How will history see Lee Kuan Yew?
Lee Kuan Yew and his followers, which most of the time included most of the people of Singapore, have showed the world that economic self-improvement has to have public policies grounded in best-practice, real-world pragmatism rather than ideological schematics. It also has to have hard-working citizens sharing the vision. Whether your political system is argumentative-parliamentarian, messy-direct democracy or shut-up authoritarian, the people have to be brought along and made to believe in the leader's way of moving forward if they were to give it their best.
LKY (as he used to sign his notes) convinced people that his way - hard work, scientific public policy, political-party monopoly, clean government, and media as ally, not as smarty-pants second-guesser - would work. And it did. In his own phraseology, Singapore went from "Third World" to "First World" in a generation's time, never stopping for a rest, much less to entertain a second guess or tolerate second-guessers.

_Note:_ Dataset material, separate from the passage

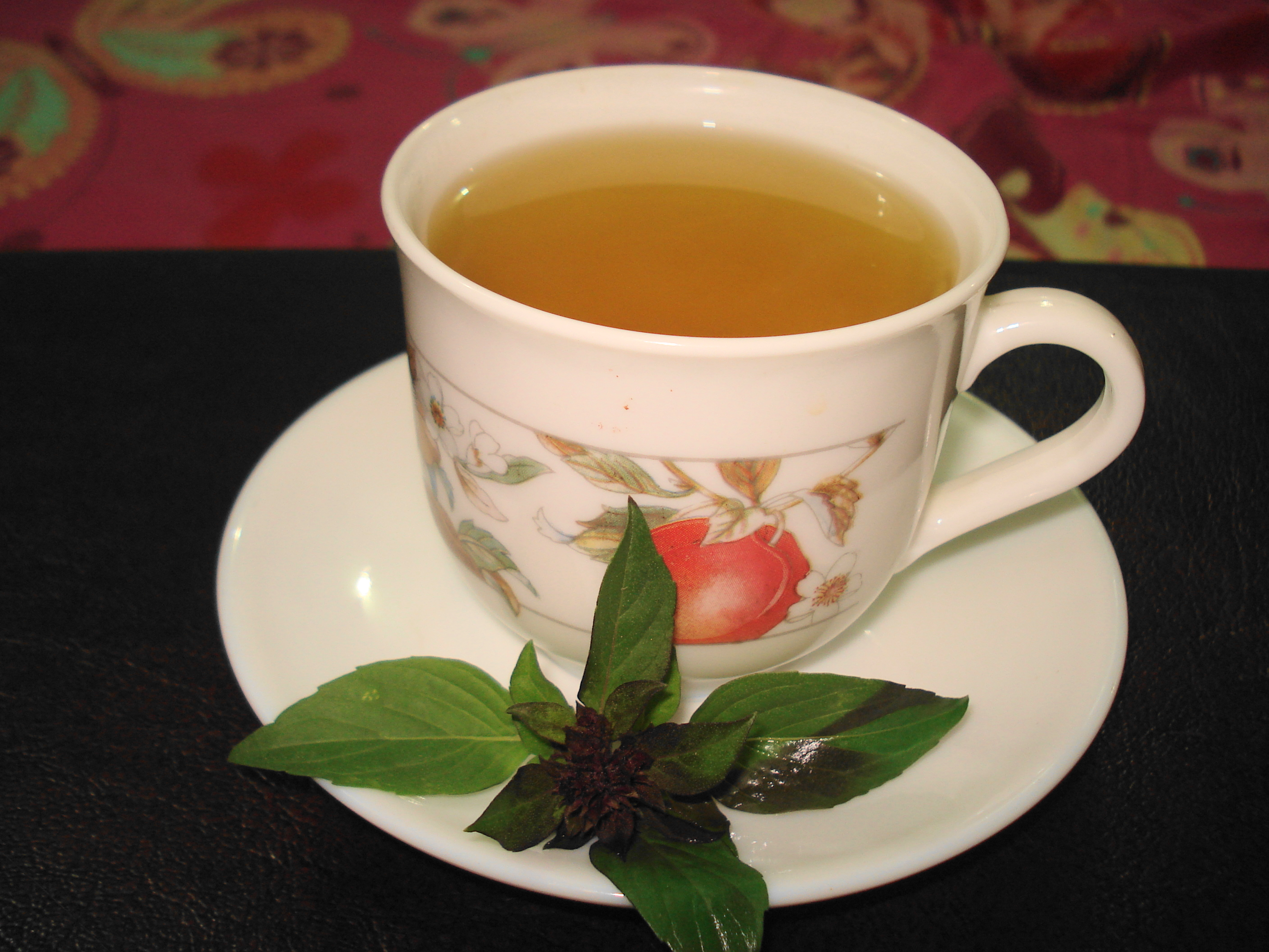 Tulsi ka qahwa, Niaz bo ka Kahwa, very effective in cold and flu
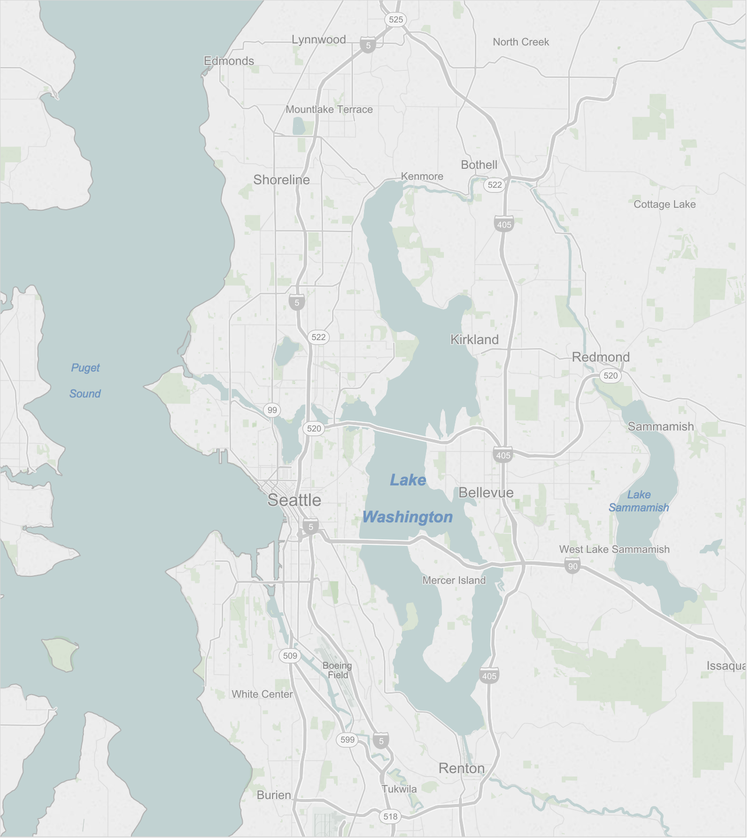 Map of Lake Washington and surrounding cities

I once offered him the formulation of the late Isaiah Berlin, the great Oxford don who imagined political genius in the manner of Leo Tolstoy. The great ones were either "hedgehogs" or "foxes". Their political sense was either multi-faceted (the ultra-alert fox who knew a thousand ways to survive) or the one-big-idea porcupine (with but a single survival move - yet it was a doozey!). The wartime Winston Churchill with all his many tricks was a fox; Albert Einstein, who could barely cross a street without help, was nonetheless the hedgehog with his one world-changing idea.